**Work order**:
Copy exactly the lines from the start of the material through the line with "Ἡ πομπή κατευθύνθηκε". Pictures stay out of the copy.
Information provided section start
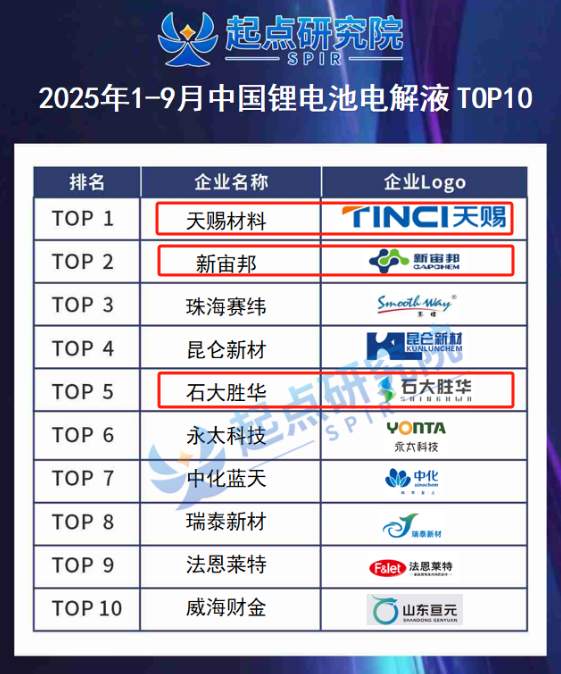 据起点研究院SPIR数据显示,今年1-9月中国锂电池电解液出货量为145.6万吨,同比增长了53.1%。在排名前十的企业中,天赐材料、新宙邦、石大胜华均有入榜,分别位列第一、第二、第五。
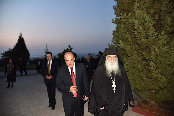 Ἡ πομπή κατευθύνθηκε πρός τόν Ναό τῆς Παναγίας «Ἄξιόν Ἐστιν», ὅπου ἐψάλη ὁ Κατανυκτικός Ἑσπερινός, χοροστατοῦντος τοῦ Σεβασμιωτάτου. Στό τέλος τοῦ Ἑσπερινοῦ ὁ Σεβασμιώτατος κ.Ἰωάννης ὁμίλησε στούς πιστούς γιά τήν σημασία τοῦ Σταυροῦ στή ζωή μας. Ἀναφέρθηκε ἐπίσης γιά τήν μεγάλη εὐλογία πρός τό Ἱερό Ἡσυχαστήριο νά ὑποδεχθεῖ τήν θαυματουργό εἰκόνα τῆς Παναγίας τῆς «Μικρασιάτισσας».
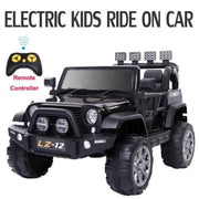 Electric Ride On Car for Kids with Remote Control, Music, and Light - Black Introducing the LEADZM lZ-12 Dual Drive, a remote control power car that will ignite your child's imagination and provide endless hours of fun. With its sleek black design, LED headlights, and built-in horn, this ride-on car allows children to experience the thrill of driving for the first time. Whether they're cruising around the backyard or exploring the neighborhood, kids can drive freely on their own or parents can use the remote control to safely guide them when necessary. But the fun doesn't stop there. This rc ride on car also features a music function that allows kids to play their favorite tunes and stories through the provided AUX cord or USB. With the easy start or stop button, LED headlights, and a horn, your child will feel like a real driver behind the wheel. The 2.4g remote control provides forward, backward, and parking functions, making it easy for parents to control the car and ensure their child's safety. Assembly is a breeze, and the automatic reset fuse provides protection for the circuit. The car offers different speed modes, allowing kids to choose their preferred level of excitement. The adjustable seat belt ensures a safe and comfortable ride for children aged 3 to 8 years old. This ride-on car is the perfect gift for any young adventurer. Key Features: Easy to assemble Automatic reset fuse for protection circuit Different speed modes LED headlights, a horn, and easy start or stop button Able to connect your device by USB or AUX cord to play music and stories 2.4g remote control with 3 speed modes, parking mode, and forward and reverse functionality Adjustable seat belt for safe and comfortable use Specifications: Color: Black Battery Type: 12V 7Ah Charge Time: 8-12 Hrs Run Time: 1-2 hours (Depend on kids weight and speed) Maximum Speed: 4 mph Maximum User Weight: 110 lbs Remote Control: 2*AAA battery (Not Included) Music Function: AUX/USB/TF Card (USB Flash Drive/Mobile Phone etc.) Overall Dimensions: 49.21" x 31.50" x 31.50" (L x W x H) Package Included: 1 x Electric Car 1 x 2.4g Remote Control 1 x Charger 1 x Manual Please note that this toy car is delivered in two different packages, which may not be delivered at the same time. If you only receive one of the packages, please wait another 1-2 days. For installation assistance, please contact our customer service for the installation video before installation.
Information provided section end
**Answer to the exercise**:
 据起点研究院SPIR数据显示,今年1-9月中国锂电池电解液出货量为145.6万吨,同比增长了53.1%。在排名前十的企业中,天赐材料、新宙邦、石大胜华均有入榜,分别位列第一、第二、第五。
 Ἡ πομπή κατευθύνθηκε πρός τόν Ναό τῆς Παναγίας «Ἄξιόν Ἐστιν», ὅπου ἐψάλη ὁ Κατανυκτικός Ἑσπερινός, χοροστατοῦντος τοῦ Σεβασμιωτάτου. Στό τέλος τοῦ Ἑσπερινοῦ ὁ Σεβασμιώτατος κ.Ἰωάννης ὁμίλησε στούς πιστούς γιά τήν σημασία τοῦ Σταυροῦ στή ζωή μας. Ἀναφέρθηκε ἐπίσης γιά τήν μεγάλη εὐλογία πρός τό Ἱερό Ἡσυχαστήριο νά ὑποδεχθεῖ τήν θαυματουργό εἰκόνα τῆς Παναγίας τῆς «Μικρασιάτισσας».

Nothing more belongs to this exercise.